SubQ’s core advantage lies in its SSA architecture, which dynamically selects focus points based on content, avoiding unnecessary calculations of all token relationships. Compared to traditional Transformers, SubQ reduces computation by a factor of 1000.
Experimental results show that with a context of 1 million tokens, SubQ is 52 times faster than FlashAttention, costing less than 5% of Claude Opus.

The company behind this architecture, Subquadratic, is based in Miami and consists of just 13 employees. AI expert Bindu Reddy remarked, “If this is true, the valuations of Anthropic and OpenAI would drop to zero!”

Others believe this is the true way to scale LLMs moving forward.

The Original Sin of Transformers
In 2017, Google’s paper “Attention is All You Need” established the dominance of the Transformer architecture. For the past nine years, all leading models, from GPT to Claude to Gemini, have been built on the same foundation: dense attention mechanisms.

Transformers operate by comparing each token with all other tokens in the sequence, leading to a quadratic complexity. As the context doubles, computation costs quadruple, making longer inputs more expensive, slower, and prone to failure.
This explains why most LLMs are capped at around 1 million tokens; it’s not that technology can’t handle longer inputs, but that they become too costly to process.
The emergence of SubQ fundamentally changes this equation.

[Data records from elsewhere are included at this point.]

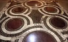 The opus sectile floor dates from 1278. This style of intarsiated pavement was created in the 12th century by the Cosmati family of stonecutters and widely copied throughout Rome in the 13th century.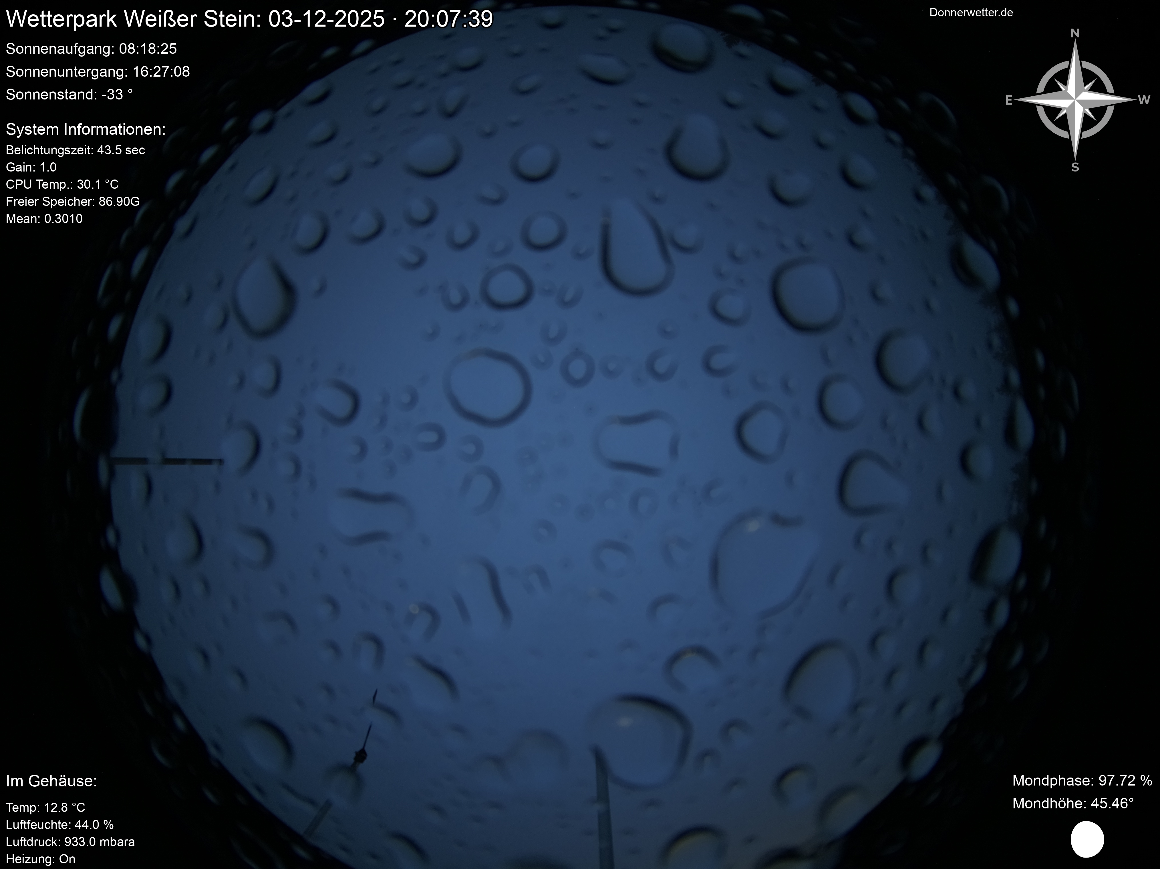 Und hier das aktuelle Bild der Sternen-Kamera. Bitte beachtet, dass die lichtempfindliche Linse der Spezialkamera bei Tageslicht keine brauchbaren Aufnahmen macht!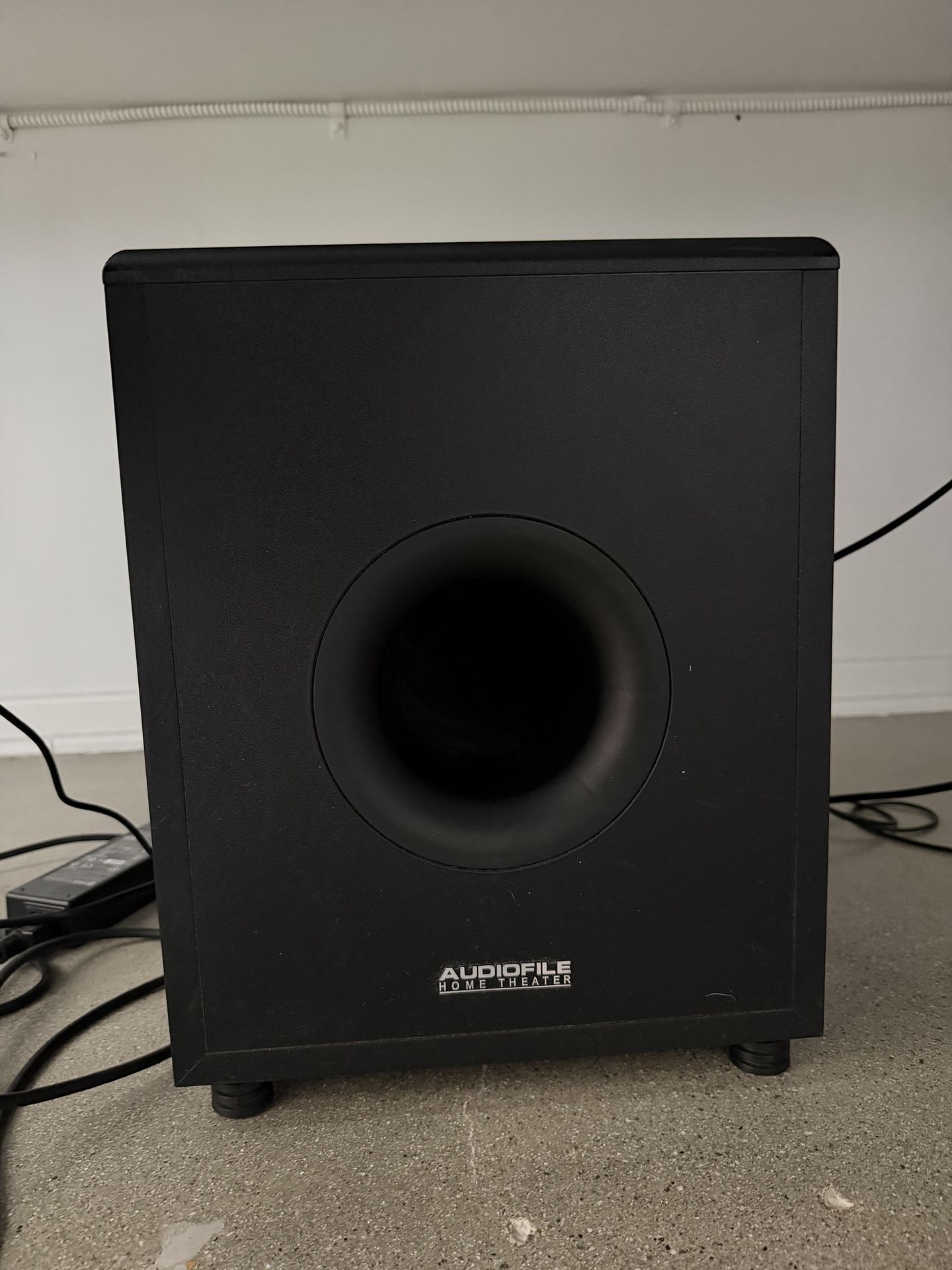 Audiofile home theater subwoofer. 15 in tall. Good for music or movies. No cables included (besides power) cash only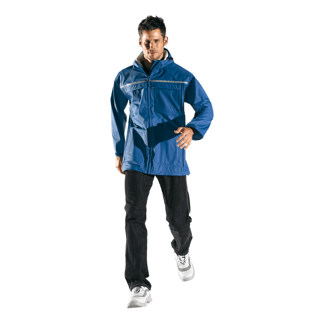 Jacket in Wonderflex fabric, waterproof, elastic and breathable. Concealed waterproof zipper closure, adjustable hood with drawstring, narrow reflective strip around chest and shoulders, Velcro adjustable cuffs; side pockets and chest pocket with zipper and water protective flap, inner phone pocket, adjustable bottom part with drawstring.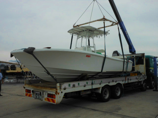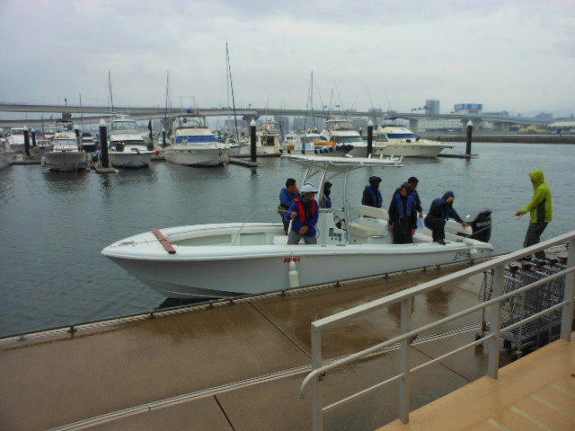 開催日の前日に新商品のDF350Aを搭載した試乗艇の引き取りを手伝い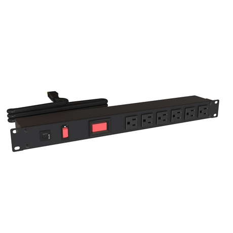 Hammond 1582 PDU (1P) 15A/125V FO (R) (6) 5-15R P/5-15P 6ft BK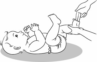 Для выполнения нужно слегка надавливать на основания пальцев со стороны подошвы. В этом случае ступня ребенка будет рефлекторно сгибаться. После этого следует осторожно растереть внешний край ступни, и она сразу распрямится.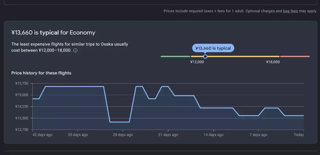 さらに、googleフライトならではの機能として航空券の価格変動をリアルタイムで調べてくれます。これにより最適なタイミングで安い航空券を見つけられます。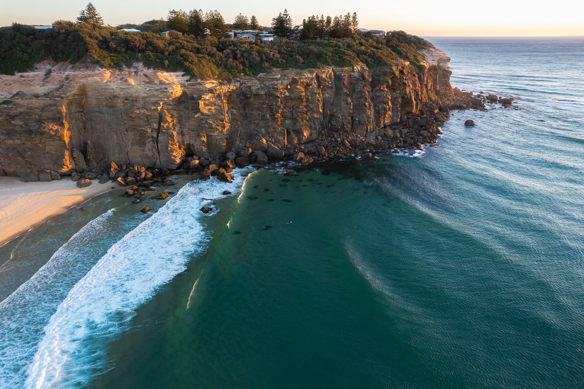 Ambercut was taken from above at Redhead, where the coastline hardens and the ocean has no choice but to bend around it. The headland slices cleanly through the swell, creating that sharp seam between deep water and the shallows — dark green holding space, lighter water folding and breaking along the edge. From the air, you see what you can’t from the beach: how precise the coastline is, how the wave lines draw themselves, and how Redhead quietly shapes every set that passes through. This is one of those moments where the scale only really makes sense once you step back.
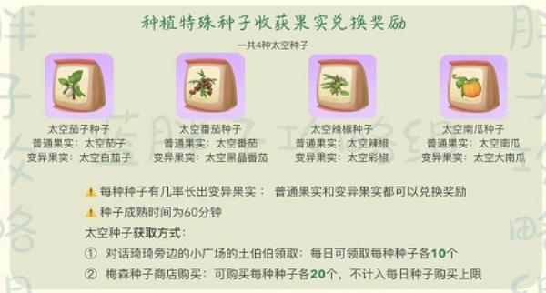 太空种子可以种出普通太空果实,有几率长出变异太空果实,普通和变异太空果实均可兑换奖励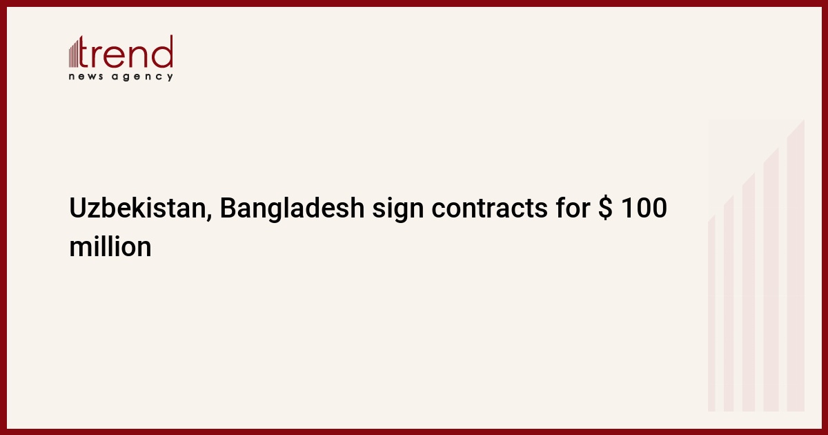 Uzbekistan and Bangladesh signed contracts and agreements for the supply of Uzbek goods to Bangladesh in the amount of more than $100 million, according to the press-service of the Ministry for Foreign Economic Relations, Investments and Trade of the Republic of Uzbekistan.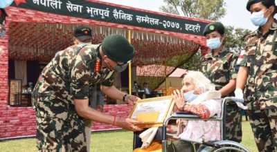 काठमाण्डु – सैनिक कल्याणकारी कोषको कूल सम्पत्ति ५८ अर्बभन्दा बढी पुगेको छ । प्रधानसेनापति पूर्णचन्द्र थापाले पूर्वी पृतनामा आयोजित भूतपूर्व सैनिक सम्मेलनमा सैनिक कल्याणकारी कोषको रकम गत पुस मसान्तसम्म ५८ अर्बभन्दा बढी पुगेको जानकारी दिए । विसं २०३२ मा संयुक्त राष्ट्रसङ्घको मिसनअन्तर्गत मध्यपूर्वमा सेना सहभागी भएवापत प्राप्त भएको एक करोड २४ लाख राशिबाट उक्त कोष…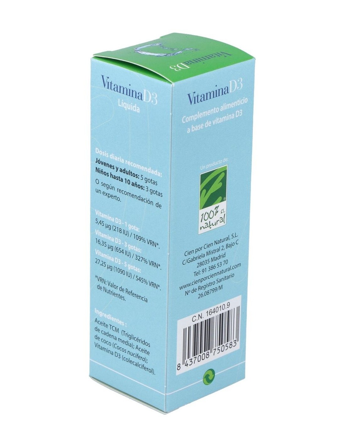 CIEN POR CIEN NATURALLa vitamina D3 (también conocida como calciferol) es una vitamina soluble en grasa que se puede obtener a través de la dieta o por una exposición adec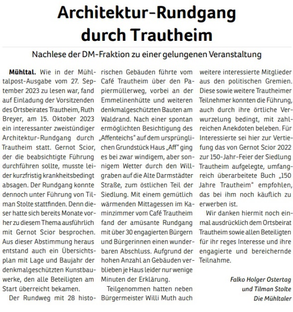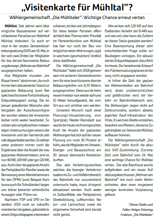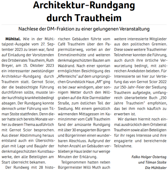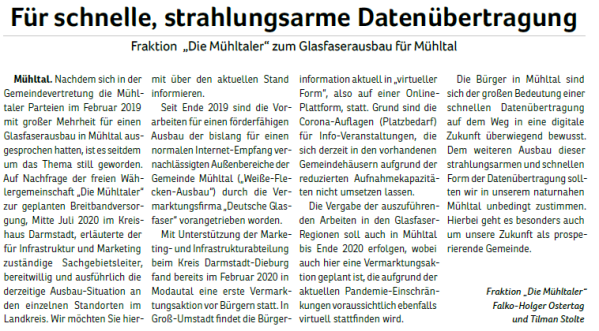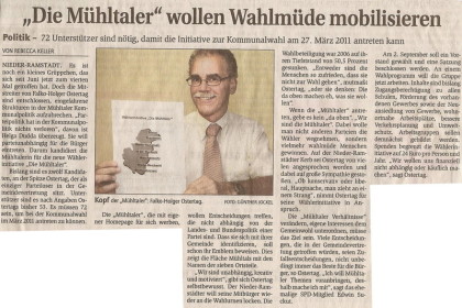 „Die Mühltaler“ gibt es seit Juni 2010. Aus einer ersten Idee wurde eine Wählergemeinschaft, die sich mehr Miteinander, transparente Entscheidungen und einen verantwortungsvollen Umgang mit Steuergeldern in Mühltal wünscht. 2011 traten wir erstmals zur Kommunalwahl an.

The Birth of SSA Architecture
The core breakthrough of SubQ is SSA—Subquadratic Sparse Attention. Its approach is surprisingly simple: it avoids comparing every token with all others. Since most attention weights in a trained model are close to zero, why calculate them?
SSA selects the truly relevant positions in the sequence based on content for each query, calculating attention only at these points and skipping over 99% of unnecessary computations.

Key Features of SSA
- Linear Scaling: Computation grows with the number of selected positions, not the entire sequence length. Doubling the context only doubles the cost, rather than quadrupling it.
- Content-Dependent Routing: The model determines where to look based on semantics, not position. Key information can be found whether it’s the 3rd token or the 1,100,000th token in the sequence.
- Precise Retrieval: Unlike recurrent models that compress information into a fixed state, SSA retains the ability to retrieve information accurately from any position.
In essence, SSA does not make dense attention faster; it reduces the amount of attention computation the model performs.

Reduced computation directly translates to speed.
Speed and Cost Advantages
SubQ’s released data is striking:
At 1 million tokens, SSA is 52.2 times faster than standard dense attention with FlashAttention-2.

At 128,000 tokens, it’s 7.2 times faster; at 256,000 tokens, 13.2 times; and at 512,000 tokens, 23 times faster. The longer the context, the more pronounced the advantage.
This reflects the linear scaling of SSA—dense attention becomes slower with longer inputs, while SSA becomes more cost-effective.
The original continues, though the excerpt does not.